The narrator, Luo, and the Little Chinese Seamstress experience many rites of passage
throughout this book. The point in the two boys lives when they are sent away from the village to be
re-educated was a complete turning point, everything that they were used to changed and they were
forced to grow up and deal with new problems that were thrust in front of them. This first rite of
passage takes place before the book begins. We as readers, only see the affects of this first rite of
passage, we do not know many details about how it happened. Luo and the narrator had to step up in
many way in order to keep/better their 3 in 1,000 chance of returning home. For them, this
responsibility was an important stage to being mature adults. In the following quote, the narrator talks
about part of the responsibility of re-education that is placed on them. “Luo and I, like other city
youths, were put to work underground for two months as part of our re-education.”
There were several rites of passage for the Little Chinese Seamstress, such as when Luo and the
narrator showed the young woman her first book and when she lost her virginity to Luo. Both events
were a big deal in her life. This in powering event changed everything for her, including her outlook
on life, understanding of love, and made her strive for a deeper meaning to everything she did. In my
opinion, the education that she received through the book that the narrator and Luo read to her, changed
her life the most. It was this which lead to her leaving the mountain for the city.
The narrator went through a big change when he read his first banned book. Ursule Mirouet by
Balzac. It changed the way he saw everything, including how he pictured the lifestyles of people in
different countries around the world. “Picture this, a boy of nineteen, still slumbering in the limbo of
adolescence, having heard nothing buy revolutionary blather about patriotism, Communism, ideology,
and propaganda all his life, falling headlong into a story of awakening desire, passion, impulsive
action, love, of all the subjects that had, until then been hidden from me.”

c. In what ways was the education of the LCS oppressive for her?

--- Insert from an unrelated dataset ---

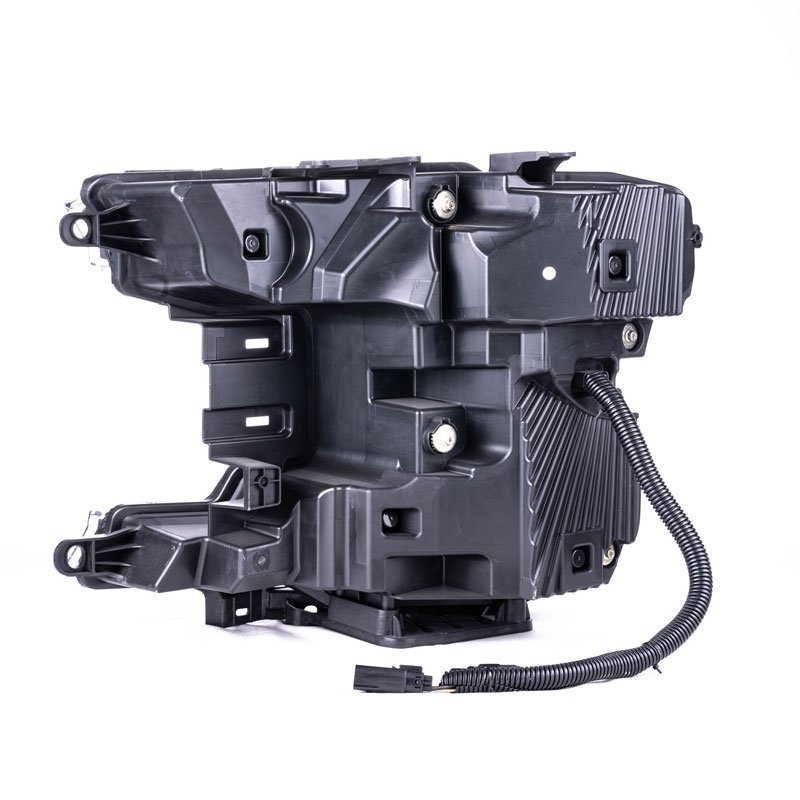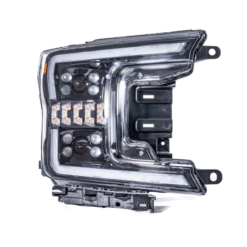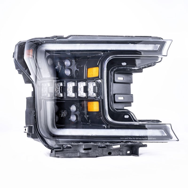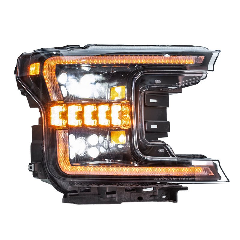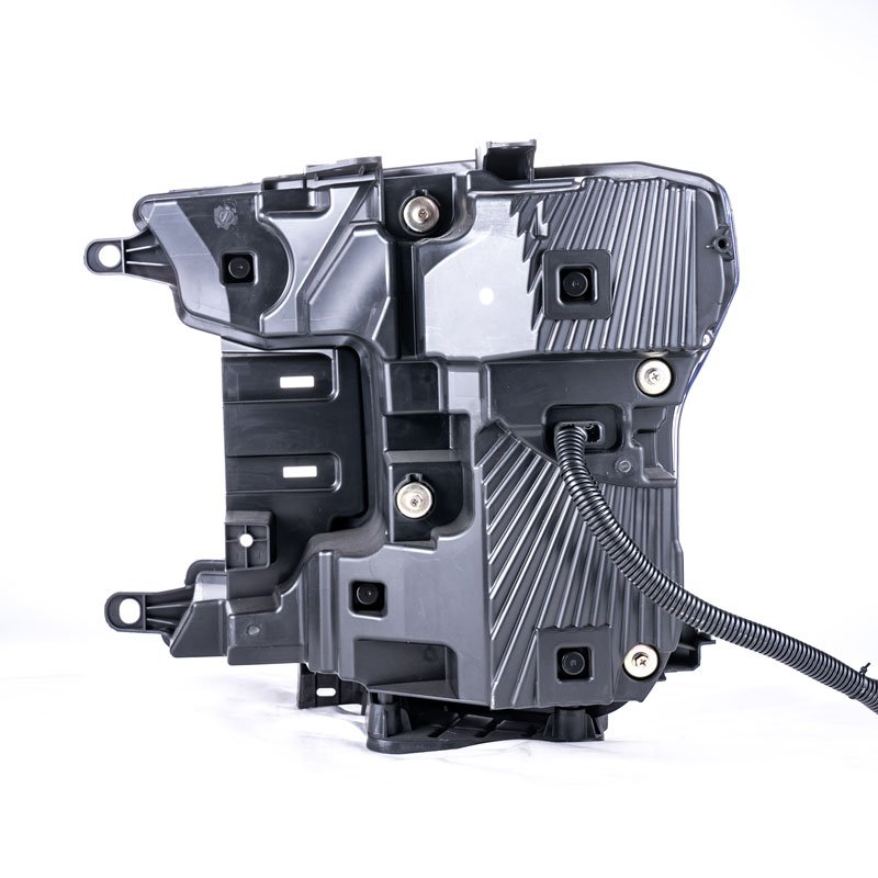 Designed specifically for Ford F150 2018-2019, this fully sealed LED headlight assembly offers a plug-and-play style replacement. Matching factory wiring allows for quick setup without drilling or modification, making it easy to upgrade your vehicle’s lighting system. The all-in-one design integrates high beam, low beam, parking light, turn signal, and daytime running light into a single housing, powered by premium CREE LED chips that deliver stable brightness, fast response, and consistent illumination for improved nighttime visibility. Unlike traditional reflector headlights, this assembly features projector-style optical lenses that provide better light control and a more focused beam pattern. The optimized optics reduce scattered light and glare while delivering clearer forward visibility and a cleaner cutoff, helping enhance driving safety without blinding oncoming traffic. Built-in beam adjusters on the rear housing allow precise vertical and horizontal alignment, ensuring the light output can be fine-tuned to meet road conditions and personal driving preferences. Engineered for long-term durability, the headlight is DOT and SAE approved and features an IP67-rated, one-piece sealed housing that resists water and dust in all weather conditions. A scratch-resistant, UV-protected PC lens helps prevent yellowing and aging over time, while the sealed rear cover minimizes moisture intrusion and unwanted noise. Optimized ventilation improves heat dissipation, reducing light decay and extending the overall lifespan of the headlight assembly.

Although knowledge seemed to empower Little Chinese Seamstress in many ways, it also had
an oppressive affect on her. One of the major affects was that she was no longer content with her
simple mountain life. She felt the need to leave her home, to experience some of the things she read in
the books. This discontentment was not necessarily a good thing for both her mental and physically,
because it made her uneasy and resulted to her putting herself in more dangerous situations.
“ 'She's gone,” I said.
'She wants to go to the city,' he said.
'She mentioned Balzac'.”

d. What do you make of the last two lines of the novel? How is it a liberation for the LCS? How is it
imprisoning for the LCS?

The last two lines of the novel definitely have a lot of meaning behind them. She is telling Luo
about how much Balzac has influenced her, in a way that both expresses her womanhood, and showed
him what her view about beauty was, especially in herself. I think that this meant a lot to him, because
it have him insight to how she thinks and feels. “She said she had learnt one thing from Balzac; that a
woman's beauty is a treasure beyond price.”